15:50 – 16:10 Introduction of CERT-Conix, BTG and Machoke – Robin Marsollier, CERT-Conix

CERT-Conix introduced themselves and presented various tools it make to improve its workflow, namely BTG and machoke.BTG: fast and efficient search on observable.Machoke: CFG-hash for malware classification. The basic operation is to convert the CFG tree of a function to a string, by naming nodes and recording jumps and calls, to concatenate the strings of all functions and generate a murmurhash3 of the whole. This construction produces a hash resisting minor modifications of source code for the hashed sample.
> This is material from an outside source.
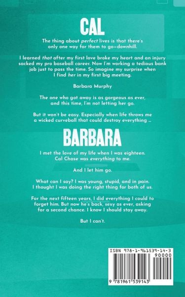 Cal The thing about perfect lives is that there's only one way for them to go-downhill. I learned that after my first love broke my heart and an injury sacked my pro baseball career. Now I'm working a tedious bank job just to pass the time. So imagine my surprise when I find her in my first big meeting. Barbara Murphy The one who got away is as gorgeous as ever, and this time, I'm not letting her go. But it won't be easy. Especially when life throws me a wicked curveball that could destroy everything. Barbara I met the love of my life when I was eighteen. Cal Chase was everything to me. And I let him go. What can I say? I was young, stupid, and in pain. I thought I was doing the right thing for both of us. For the next fifteen years, I did everything I could to forget him. But now he's back, sexy as ever, asking for a second chance. I know I should stay away. But I can't.

Moreover, comparison à-la ssdeep is possible.

TLP: White

16:10 – 16:30 Updates from the TF-CSIRT SC and TI Team
16:30 – 16:50 IT Security at Cygate AB – Johan Åhrman, Cygate
16:50 – 17:15 TF-CSIRT SC Elections
18:30 – 23:00 The social event held on 21st September will be held at the Nobel Museum (http://www.nobelmuseum.se/en) on Stockholm’s Old Town. There will be a short guided tour of the museum (18:30 – 19:00) followed by a buffet of dishes from past Nobel gala dinners.
Friday 22nd September 2017
09:00 – 09:10 Welcome – Baiba Kaskina, TF-CSIRT Chair
09:10 – 09:25 Scaning CMS – Zuzana Duracinska, CZ.NIC

The problem of running outdated CMS is that these CMS’ are like a bait for various attacks. As the National CSIRT operated by ccTLD we have decided to check the HTML headers (or CMS specific files) of all registered .cz domains and check which of them runs outdated version of most popular CMS (WordPress, Joomla). Decision to kick-out this action was followed by legal expertise from number of lawyers. In the presentation I will try to cover this action along with the results and feedback we got from the domain owners.

TLP: White

09:25 – 09:45 DKCERT services for Danish Research and Education Institutions – Henrik Larsen, DKCERT

The presentation will give an overview of the Danish NREN CERT services and a more detailed view on vulnerability scannings, both external and internal, and how the findings are reported to the institutions.TLP: White
09:45 – 10:00 Common Taxonomy – Andrea Dufkova, ENISA

Andrea gave a short introduction to a task force for CSIRT taxonomy that is being established by ENISA. The task force will aim to find solutions or a way forward to cover issues and concerns that were raised with regards to the current taxonomies and their use within the CSIRT community. A meeting to further discuss the task force and work areas took place on Friday afternoon.

TLP: White

10:00 – 10:30
10:30 – 11:00 DNS Firewall use cases and lessons learned – Matthias Seitz, SWITCH CERT

SWITCH-CERT is operating a DNS Firewall (DNS RPZ) for the Swiss NREN and also other customers for more than two years and is currently protecting more than 200’000 users from malware and phishing.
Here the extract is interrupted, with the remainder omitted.